Following the AGM, the Mayor and Victorian Society members moved to John McKean Brydon’s former Pump Room Ballroom (1897) for a lecture by Dr Michael Forsyth and Professor Marion Harney, authors of the Pevsner Architectural Guide to Bath, there followed a dinner amidst the landmark Victorian architecture and décor. 

The Mayor of Bath, Councillor Dine Romero, welcomed the Victorian Society Chair Professor Hilary Grainger and the charity’s Director Joe O’Donnellat to the Elim Chapel for the AGM and gave a talk on ‘The People of Bath, the Beating Heart of the City’.

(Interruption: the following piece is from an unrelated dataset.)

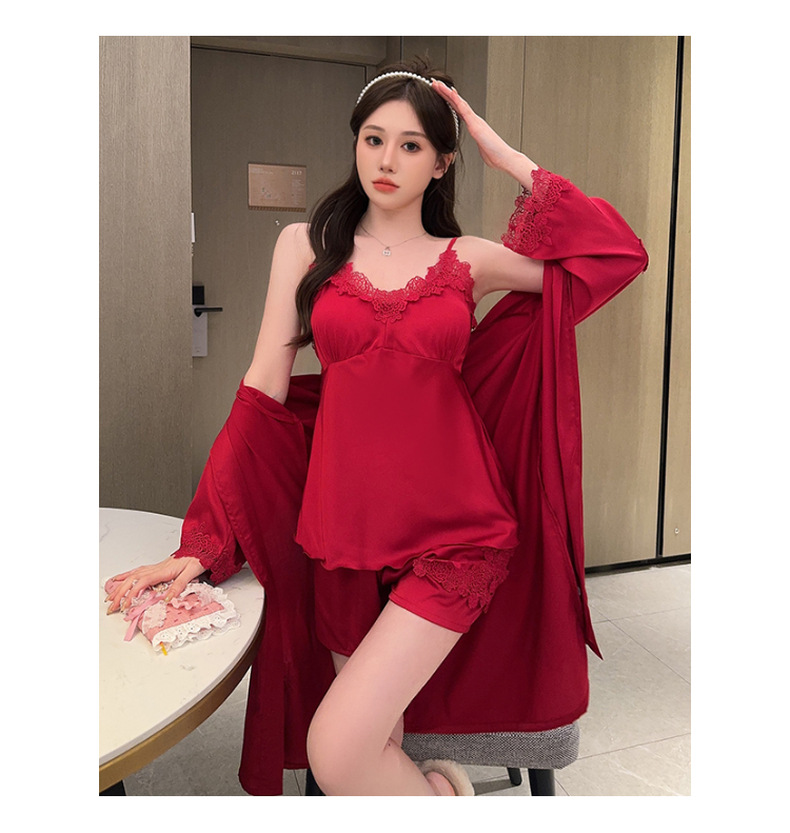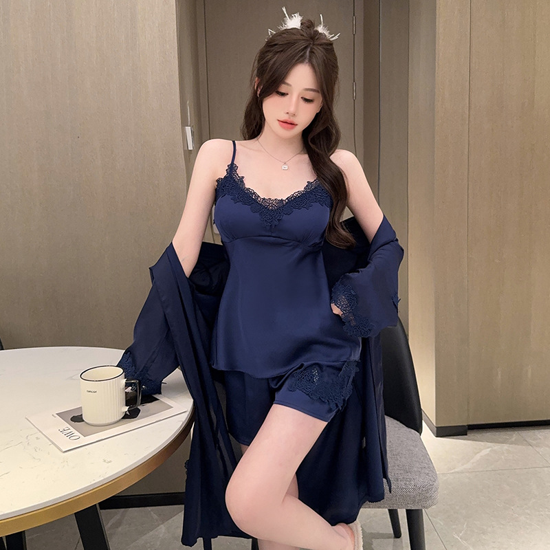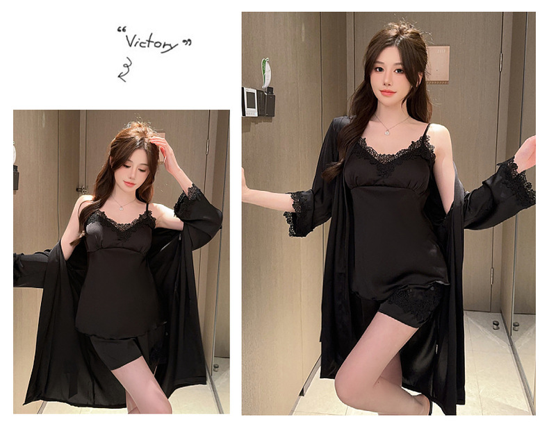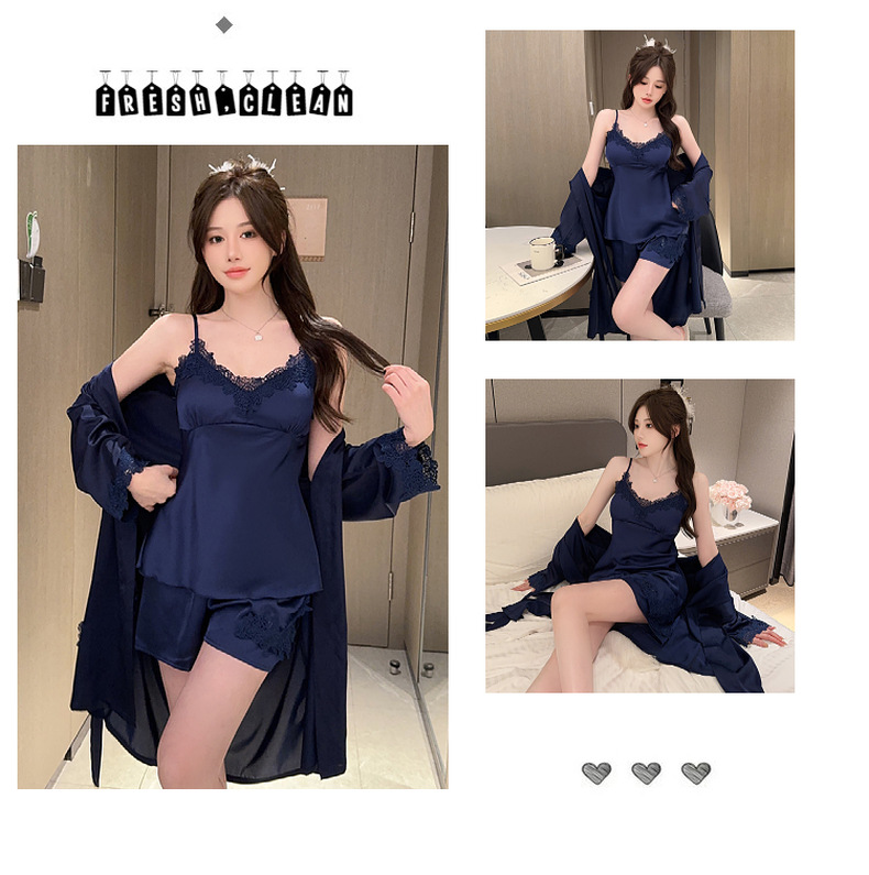 잠옷 여성용 여름 아이스 실크 섹시한 뜨거운 성인 봄과 가을 긴 소매 얇은 여성용 잠옷 3 피스 세트스토어 가기

Victorian Society Director, Joe O’Donnell said: “Bath is a beautiful city, and is well known for its appreciation of heritage. But even in a city like Bath world famous for its Georgian architecture, there is plenty from the Victorian and Edwardian period to appreciate. We hope by holding our AGM here this year that people will be encouraged to take a look around them at the buildings from the period 1847 to 1914. What they find will richly repay the effort”.

Mayor of Bath, Councillor Dine Romero said: “I am delighted to have been asked to meet with the Victorian Society, and to learn more from them about the influence of the Victorians, and to share some of the stories of great Victorians who have had such a marked impact on the city of Bath.”

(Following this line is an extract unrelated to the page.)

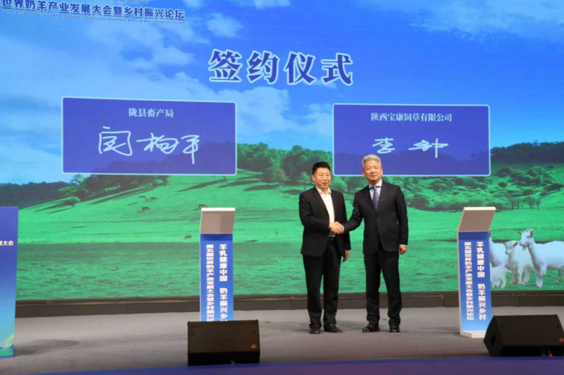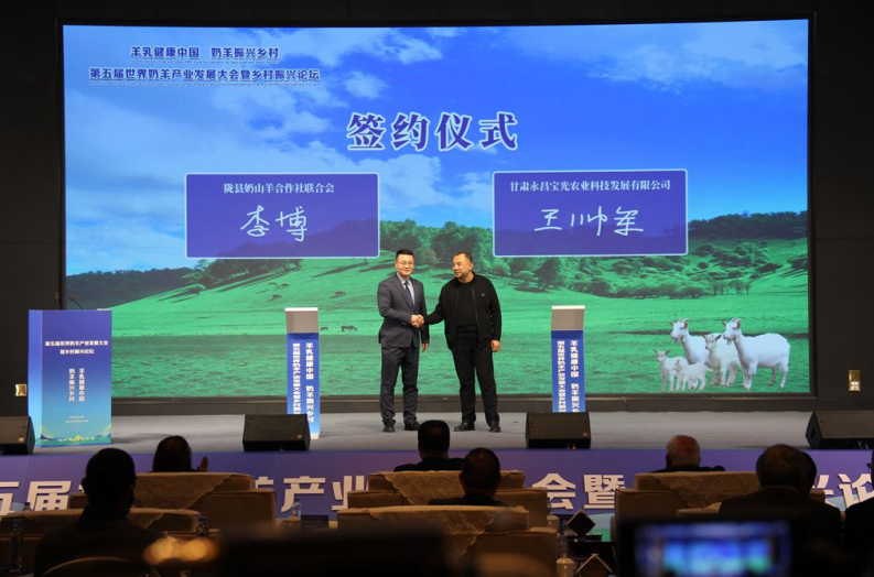 经第五届世界奶羊产业发展大会暨乡村振兴论坛中外专家评审,大会授予陇县“世界奶山羊全产业链示范基地”牌匾,授予陕西宝泰良种繁育有限公司“世界奶山羊良种繁育示范场”。陇县奶山羊合作社联合会与甘肃永昌宝光农业科技发展有限公司签订了秦陇优质饲草供应基地合作协议,陕西和氏乳业集团与上海然小二品牌管理有限公司签订了产品购销协议,陇县畜产局与陕西宝康饲草有限公司签订了陇县饲料加工厂项目建设协议。
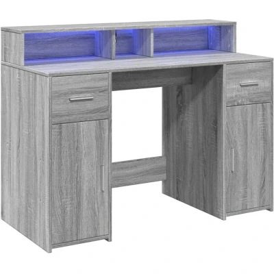 vidaXL Desk with LED Lights Grey Sonoma Engineered Wood Ample Storage for Office or Bedroom, Ideal Working, Writing, Gaming Dimensions 120 x 55 91 cm

Some notable Victorian dates in Bath:

1836: North Parade Bridge built in cast iron to the design of William Tierney Clark and Victoria suspension bridge constructed.

1839: Isaac Pitman moves to Bath heralding a period when Bath became known for the printing industry.

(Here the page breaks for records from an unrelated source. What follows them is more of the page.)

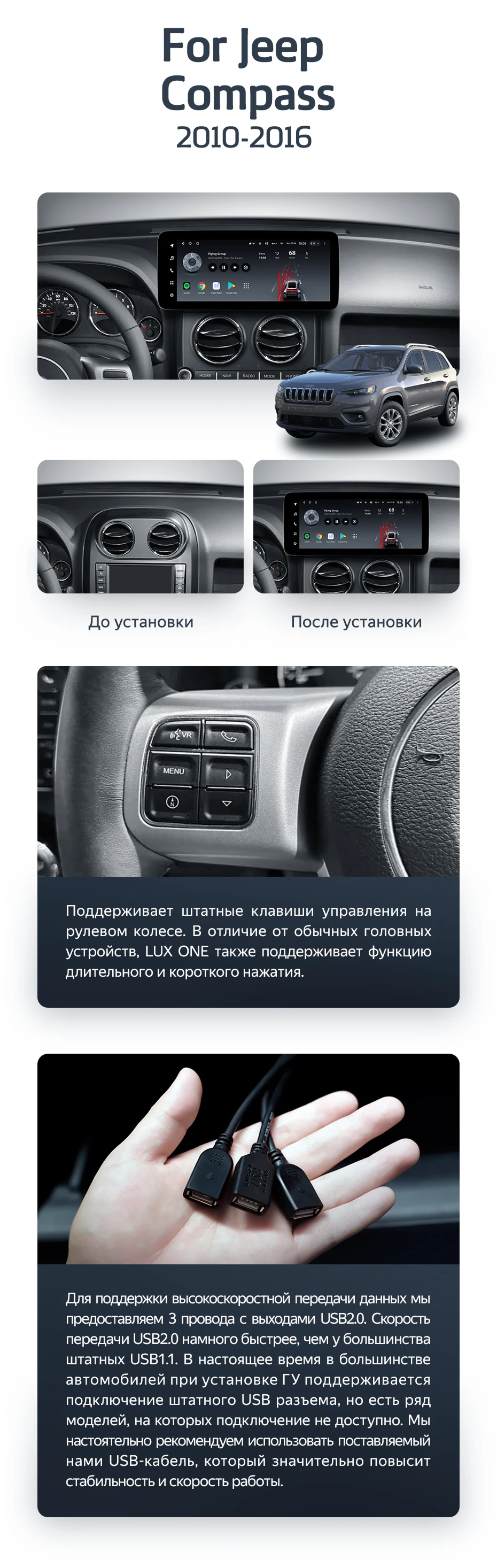 Штатная магнитола Teyes LUX ONE 6/128 Jeep Compass MK (2010-2016) - купить всего за 53 000 руб. в интернет-магазине в Ростове Teyes.com.ru. ✓ Самый лучший выбор мультимедиа ✓ Лучшая замена штатному ГУ ✓ Тел. +7 (800) 775-31-74
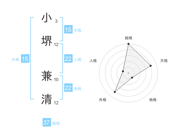 小堺 兼清さんの総格は37画の5点!
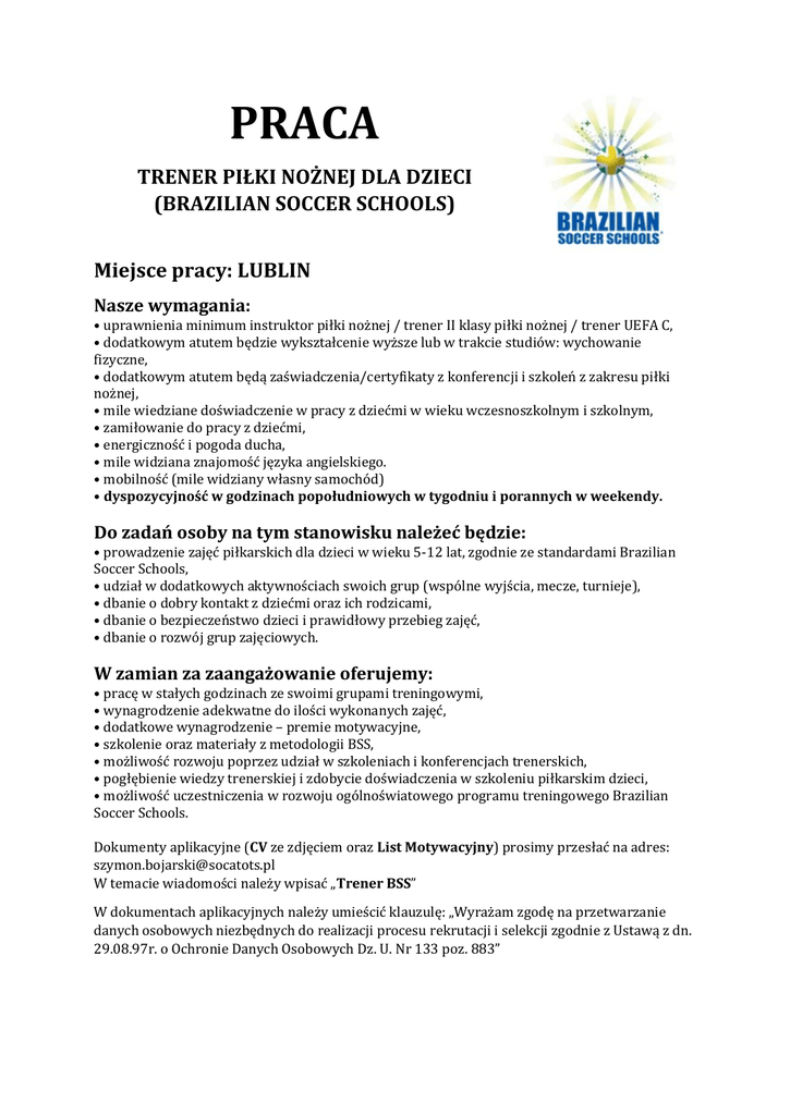 PRACA TRENER PIŁKI NOŻNEJ DLA DZIECI (BRAZILIAN SOCCER SCHOOLS) Miejsce pracy: LUBLIN Nasze wymagania: • uprawnienia minimum instruktor piłki nożnej / trener II klasy piłki nożnej / trener UEFA C, • dodatkowym atutem będzie wykształcenie wyższe lub w trakcie studiów: wychowanie fizyczne, • dodatkowym atutem będą zaświadczenia/certyfikaty z konferencji i szkoleń z zakresu piłki nożnej, • mile wiedziane doświadczenie w pracy z dziećmi w wieku wczesnoszkolnym i szkolnym, • zamiłowanie do pracy z dziećmi, • energiczność i pogoda ducha, • mile widziana znajomość języka angielskiego. • mobilność (mile widziany własny samochód) • dyspozycyjność w godzinach popołudniowych w tygodniu i porannych w weekendy. Do zadań osoby na tym stanowisku należeć będzie: • prowadzenie zajęć piłkarskich dla dzieci w wieku 5-12 lat, zgodnie ze standardami Brazilian Soccer Schools, • udział w dodatkowych aktywnościach swoich grup (wspólne wyjścia, mecze, turnieje), • dbanie o dobry kontakt z dziećmi oraz ich rodzicami, • dbanie o bezpieczeństwo dzieci i prawidłowy przebieg zajęć, • dbanie o rozwój grup zajęciowych. W zamian za zaangażowanie oferujemy: • pracę w stałych godzinach ze swoimi grupami treningowymi, • wynagrodzenie adekwatne do ilości wykonanych zajęć, • dodatkowe wynagrodzenie – premie motywacyjne, • szkolenie oraz materiały z metodologii BSS, • możliwość rozwoju poprzez udział w szkoleniach i konferencjach trenerskich, • pogłębienie wiedzy trenerskiej i zdobycie doświadczenia w szkoleniu piłkarskim dzieci, • możliwość uczestniczenia w rozwoju ogólnoświatowego programu treningowego Brazilian Soccer Schools. Dokumenty aplikacyjne (CV ze zdjęciem oraz List Motywacyjny) prosimy przesłać na adres: [email protected] W temacie wiadomości należy wpisać „Trener BSS” W dokumentach aplikacyjnych należy umieścić klauzulę: „Wyrażam zgodę na przetwarzanie danych osobowych niezbędnych do realizacji procesu rekrutacji i selekcji zgodnie z Ustawą z dn. 29.08.97r. o Ochronie Danych Osobowych Dz. U. Nr 133 poz. 883”

1840:  Great Western Railway opened from Bath to Bristol Temple Meads; 30 June 1841 through to London Paddington.

1855: Corn market built in Walcot Street.

1860: New Bluecoat school built.

1863: St John the Evangelist Roman Catholic Church in South Parade built.

1861:  Guildhall Market constructed.

1862: Theatre Royal rebuilt after a fire.

1885: Restoration of the Roman Baths.

1873: St Andrew’s Church built.

1887: Botanical Gardens opened in Royal Victoria Park.

1897: Victoria Art Gallery foundation stone laid to commemorate the diamond jubilee of Queen Victoria.

1897: Henrietta Gardens laid out to commemorate the diamond jubilee of Queen Victoria.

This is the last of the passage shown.